Section 2: Data Lake Redundancy (6:00 - 11:00)

Geo-Redundant Storage (6:00 - 8:00)

# Create storage account with GRS
az storage account create \
  --name synapsedr001 \
  --resource-group synapse-dr-rg \
  --location eastus2 \
  --sku Standard_RAGRS \
  --kind StorageV2 \
  --enable-hierarchical-namespace true

# Check replication status
az storage account show \
  --name synapsedr001 \
  --query '{Name:name, Replication:sku.name, SecondaryLocation:secondaryLocation}'

Disaster Recovery Configuration (8:00 - 11:00)

# Enable failover capability
$storageAccount = Get-AzStorageAccount `
    -ResourceGroupName "synapse-dr-rg" `
    -Name "synapsedr001"

# Initiate failover (only during actual disaster)
Invoke-AzStorageAccountFailover `
    -ResourceGroupName "synapse-dr-rg" `
    -Name "synapsedr001" `
    -Confirm:$false

# Verify failover status
Get-AzStorageAccount `
    -ResourceGroupName "synapse-dr-rg" `
    -Name "synapsedr001" |
    Select-Object PrimaryLocation, SecondaryLocation, StatusOfPrimary

Section 3: Dedicated SQL Pool Backup (11:00 - 17:00)

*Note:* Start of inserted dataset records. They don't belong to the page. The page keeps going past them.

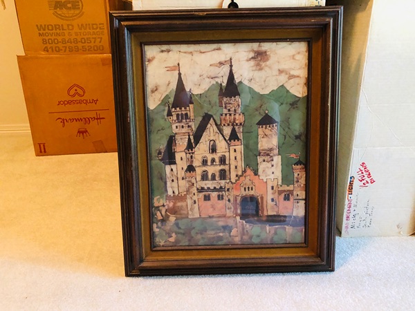Approximately 19 x 24 inches. European castle in attractive wood frame. Very good condition. Asking $35.00.
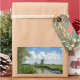 Rechteckiger Aufkleber aus drei Windmühlen entlang eines Kanals mit Booten und Schilfröten unter einem blauen Himmel mit puffigen Wolken, die eine friedliche Szene in der niederländischen Landschaft von Leidschendam schaffen.
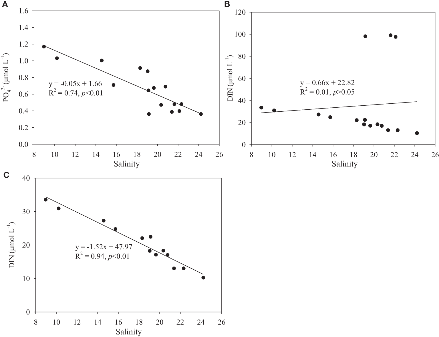 The linear relationship between PO43- and salinity all stations of Xi Bay (A); the linear relationship between DIN and salinity all stations of Xi Bay(B); the linear relationship between DIN and salinity in Xi bay that exclude the stations in the bay mouth (C).
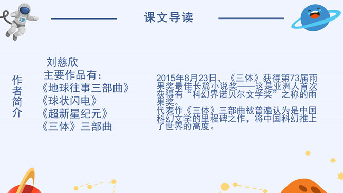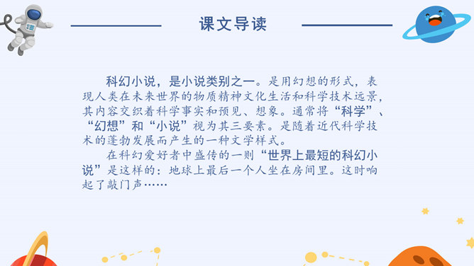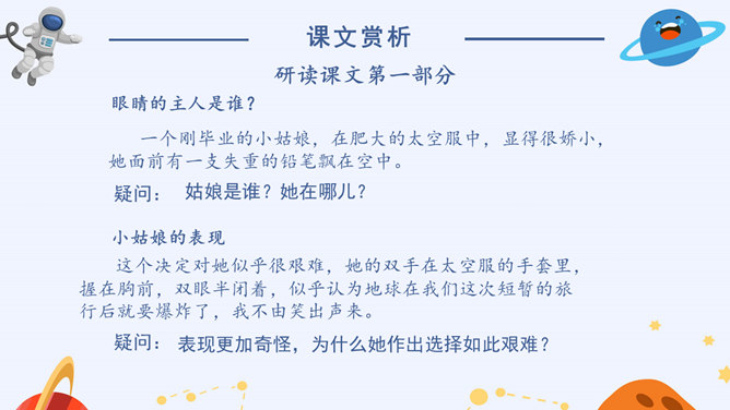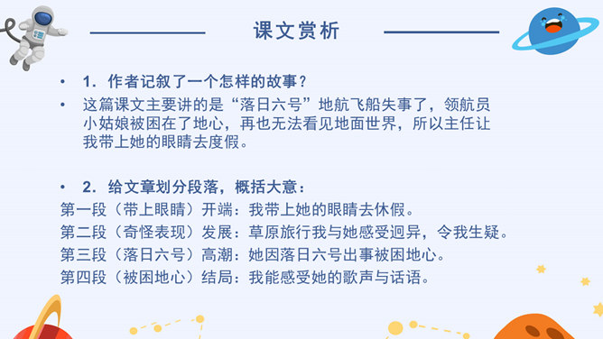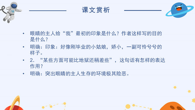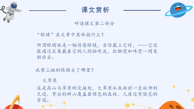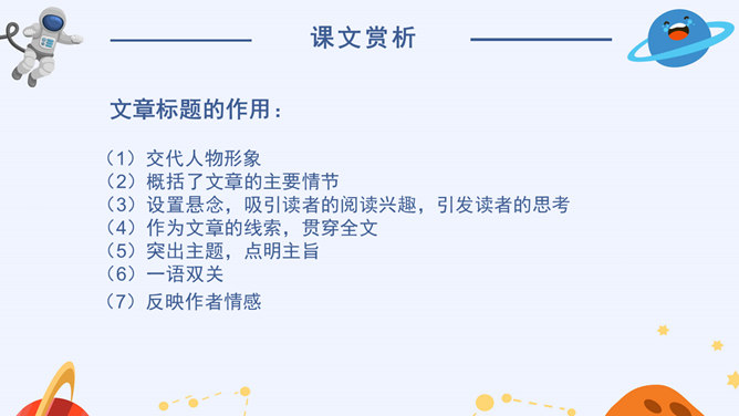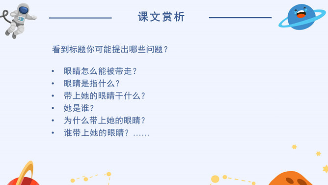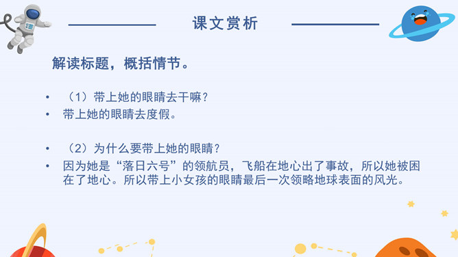 看到标题你可能提出哪些问题?眼睛怎么能被带走?眼睛是指什么?带上她的眼睛干什么?她是谁?为什么带上她的眼睛?谁带上她的眼睛?文章标题的作用:(1)交代人物形象(2)概括了文章的主要情节(3)设置悬念,吸引读者的阅读兴趣,引发读者的思考(4)作为文章的线索,贯穿全文(5)突出主题,点明主旨(6)一语双关(7)反映作者情感。解读标题,概括情节。(1)带上她的眼睛去干嘛?带上她的眼睛去度假。(2)为什么要带上她的眼睛?因为她是“落日六号”的领航员,飞船在地心出了事故,所以她被困在了地心。所以带上小女孩的眼睛最后一次领略地球表面的风光。所属专题:带上她的眼睛ppt。

Automatic Restore Points (11:00 - 13:00)

-- View available restore points
SELECT
    restore_point_time,
    restore_point_type,
    restore_point_label
FROM
    sys.pdw_loader_backup_runs
ORDER BY
    restore_point_time DESC;

-- Create user-defined restore point
EXEC sp_create_restore_point 'BeforeMajorETL';

Cross-Region Restore (13:00 - 15:00)

# Get latest restore point
$restorePoints = Get-AzSqlDatabaseRestorePoint `
    -ResourceGroupName "synapse-primary-rg" `
    -ServerName "synapse-primary" `
    -DatabaseName "DW"

$latestRP = $restorePoints |
    Sort-Object RestorePointCreationDate -Descending |
    Select-Object -First 1

# Restore to secondary region
Restore-AzSqlDatabase `
    -FromPointInTimeBackup `
    -PointInTime $latestRP.RestorePointCreationDate `
    -ResourceGroupName "synapse-dr-rg" `
    -ServerName "synapse-dr" `
    -TargetDatabaseName "DW-DR" `
    -ResourceId $latestRP.ResourceId

Geo-Backup Configuration (15:00 - 17:00)

-- Enable geo-backup (default for Dedicated SQL Pools)
ALTER DATABASE DW
SET GEO_BACKUP_POLICY = 'ENABLED';

-- View geo-backup status
SELECT
    name,
    is_geo_backup_enabled
FROM
    sys.databases
WHERE
    name = 'DW';

Section 4: Workspace Configuration Backup (17:00 - 21:00)

Export Workspace Artifacts (17:00 - 19:00)

# Export all workspace artifacts
$workspace = "synapse-primary"
$exportPath = "./backup/$(Get-Date -Format 'yyyy-MM-dd')"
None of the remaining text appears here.